Faraday and Tuesday track down and confront the guilty parties—Burling and Sabasha, who began the night working independently but who later "joined forces" to knock off their rivals to the inheritance. Faraday and Tuesday also deduce that the real Sabasha is dead and that the woman pretending to be her is actually Dr. Von Vandervon's escaped lunatic.

Burling threatens to blow up the house unless Faraday and Tuesday turn over the letter, but he is accidentally electrocuted after being confronted by Thessaly. Ray appears and admits that he is actually Bax Tremblay, a police investigator working undercover. He, Faraday, and Tuesday attempt to apprehend the false Sabasha, but she strangles herself to death to avoid capture.

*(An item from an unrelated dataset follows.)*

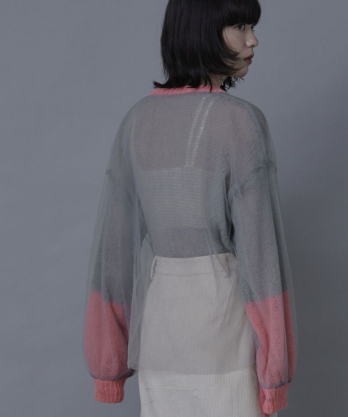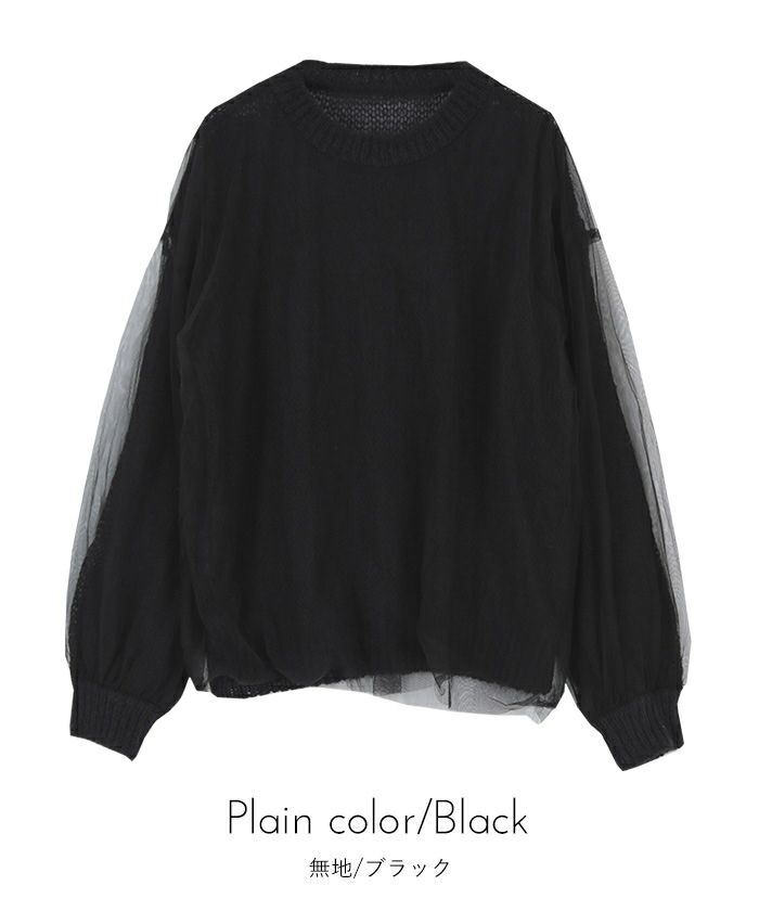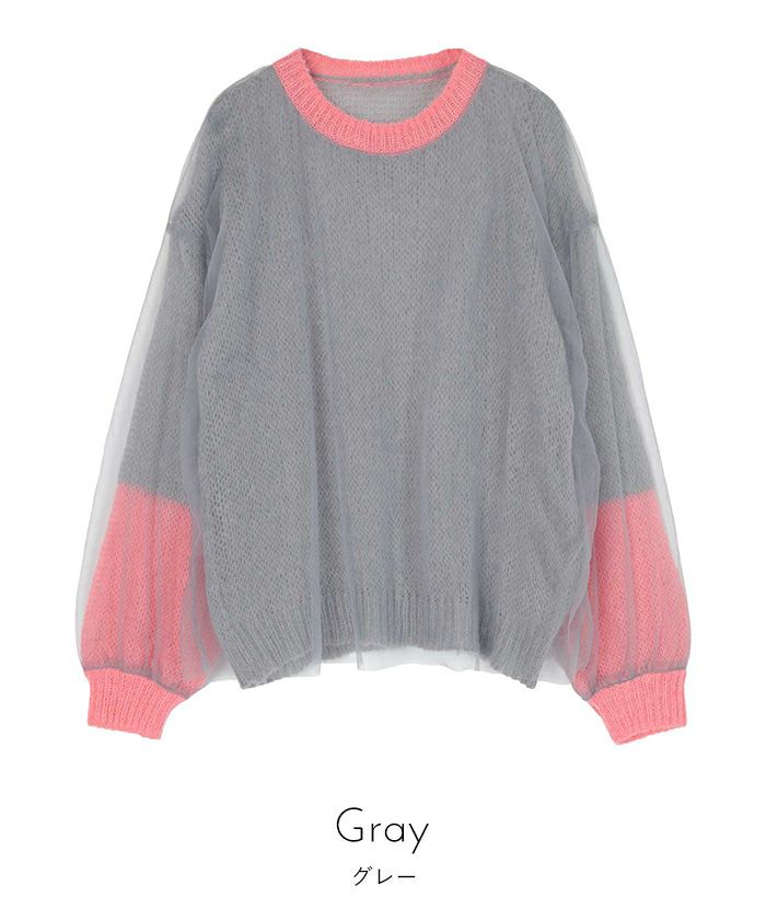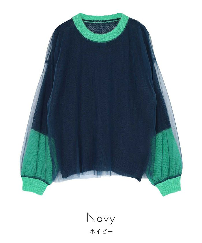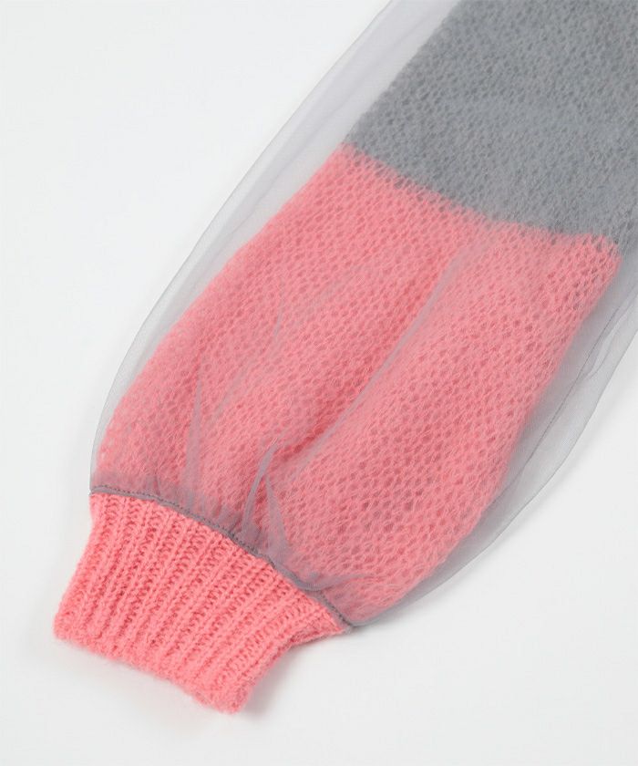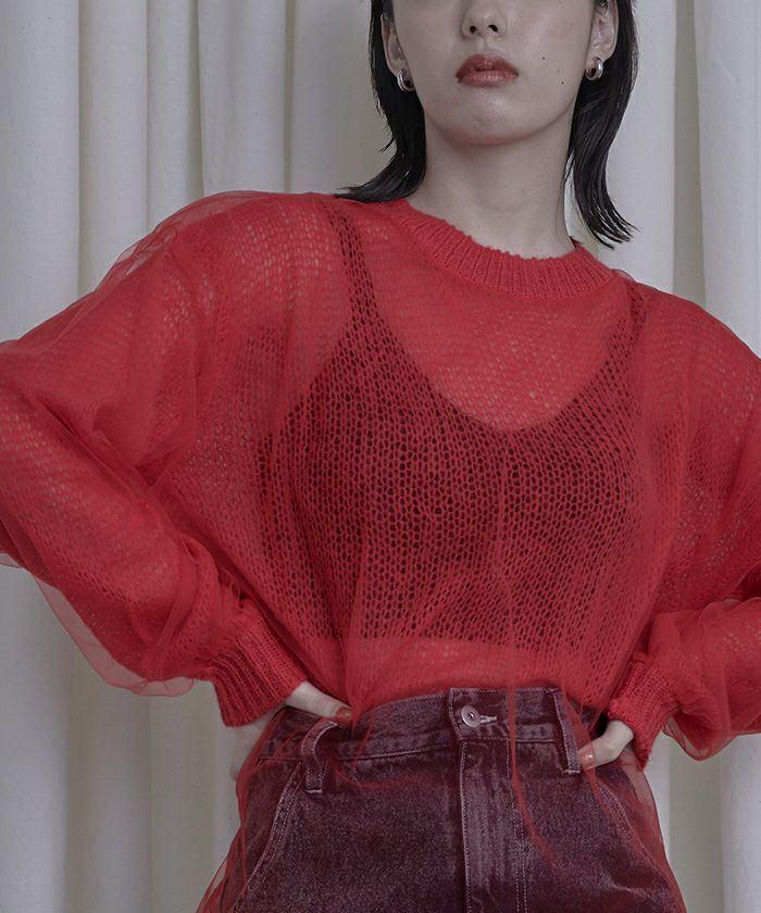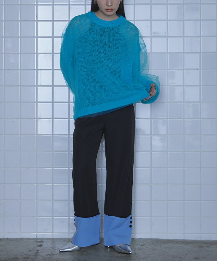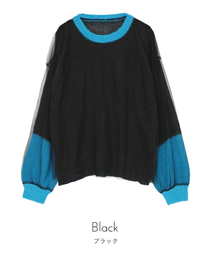 ・ローゲージニットにチュール素材がドッキングされたニット。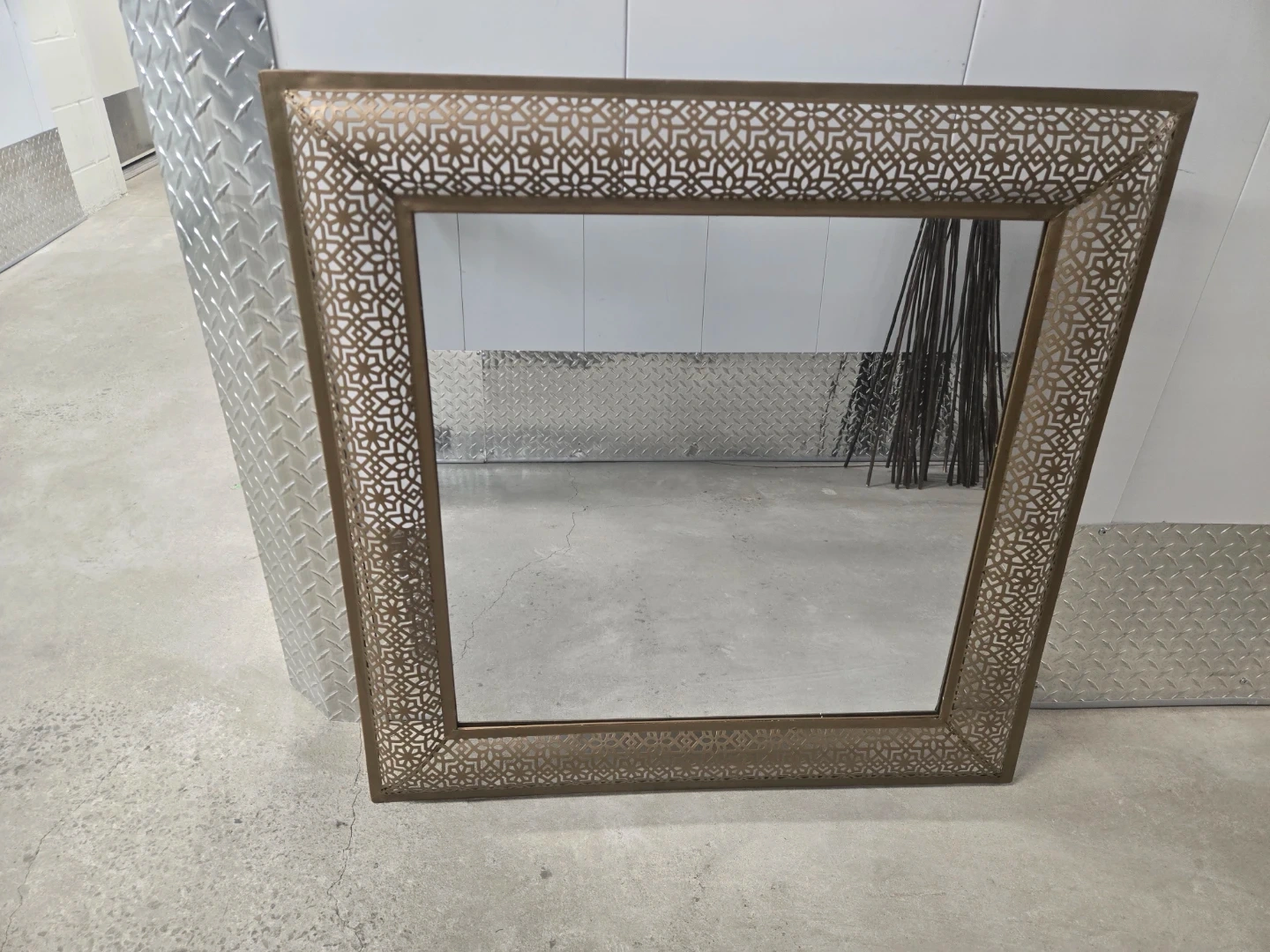 Beautiful decorative mirror with a gold metal frame featuring an intricate geometric pattern. It's perfect for adding a stylish touch to any room. The frame's design is eye-catching and adds a touch of elegance to your home decor. A great accent piece for your living room, bedroom, or hallway!

The next morning, Thessaly takes possession of the estate. Faraday proposes marriage to Tuesday and she accepts; the two of them agree to share their newspaper "scoop". They are driven away by Happy, who belatedly realizes that because he left the cab's meter running all night, Faraday owes him $87.42.

==Release==
The film was first screened at the Palm Springs International Film Festival on January 16, 2009. The film began its theatrical run at the Coolidge Corner in Boston on May 21, 2010, and was released on DVD by Shout! Factory on August 17, 2010, as was another Blamire film, The Lost Skeleton Returns Again.

In February 2020, it was announced that the a Special Edition "Dark and Stormy Night" Blu-Ray was going to be released in July 2020. The Blu-Ray will include an HD version of the film in Black and white, a color version in SD, first ever released Behind the Screens footage along with 2 "Reanimated Movie Classic" short film featurettes titled "Curse of the Droptraus" and "The Girl in the Clock".

==Reception==
Dark and Stormy Night received mixed reviews. Boston Phoenix film critic Peter Keough gave the film a rating of 2 1/2 stars (out of 4), calling it a "fitfully entertaining black-and-white farce."

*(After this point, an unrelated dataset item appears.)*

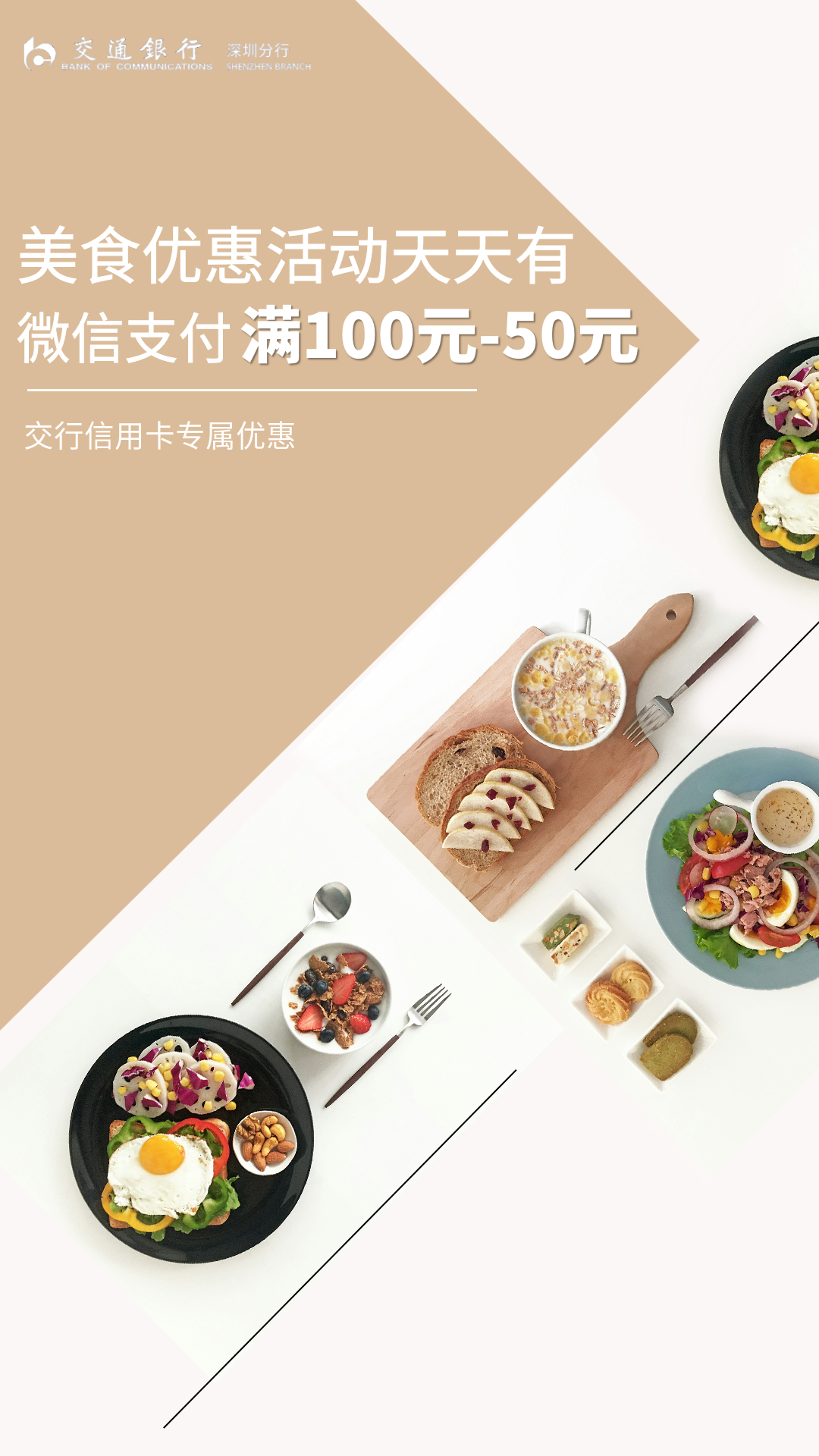 自2022年7月9日2022年12月31日,深圳交行用戶到指定商家,通過(guò)微信買單,立享滿100元-50元的優(yōu)惠,每月最高兩次機(jī)會(huì),大牌美味等你享!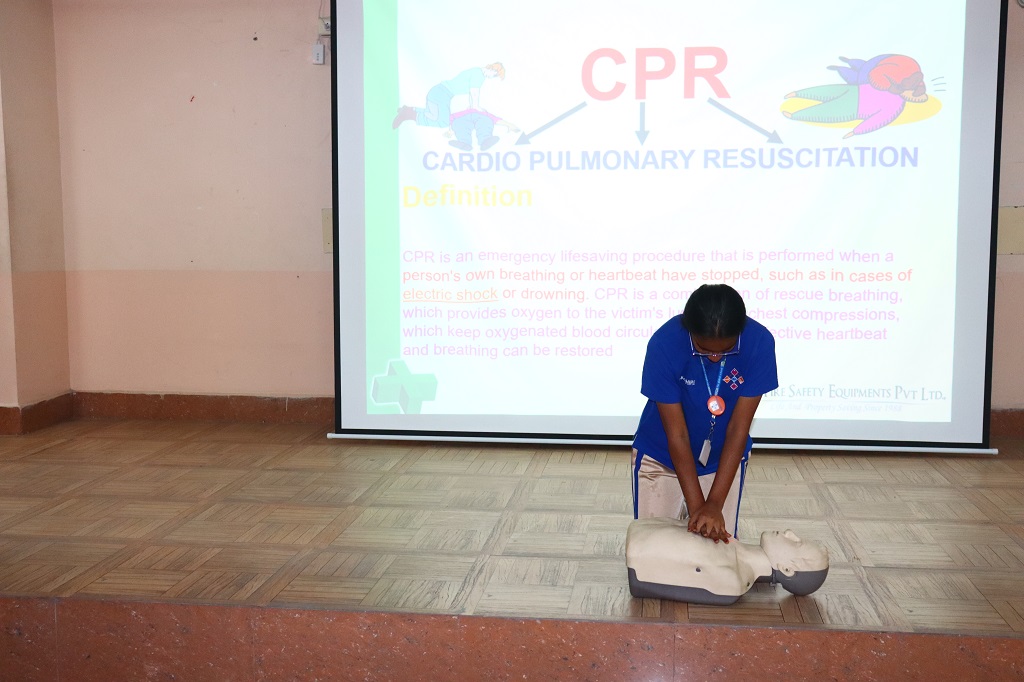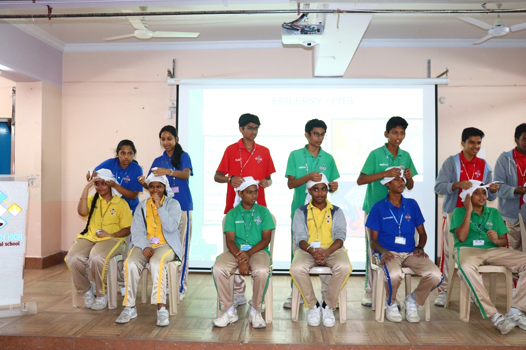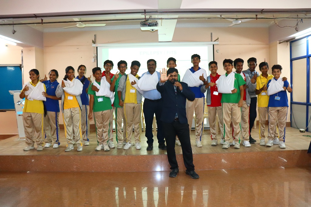 After this session, an interactive session on First Aid was also conducted for the students wherein, the expert team demonstrated how to make different kinds of slings and how to tie bandages on different kinds of wounds. They were also shown what to do if a person had an epileptic fit or a stroke. The difference between a cardiac arrest and heart attack was also discussed and the participants learnt how to give CPR. All in all, it was a very informative session and students felt empowered after this session, confident that they would be able to handle minor medical emergencies and save lives.

Boston Globe critic Tom Russo gave the film 2 stars (out of 4), noting that "patter and performances will grow on you, but only after you've built some stamina."

The website Huffington Post gave the film an incredibly strong review, stating that "Blamire’s loving tribute to 1930s “dark house horror flicks," entitled Dark and Stormy Night, embraces and celebrates every cliché of the genre."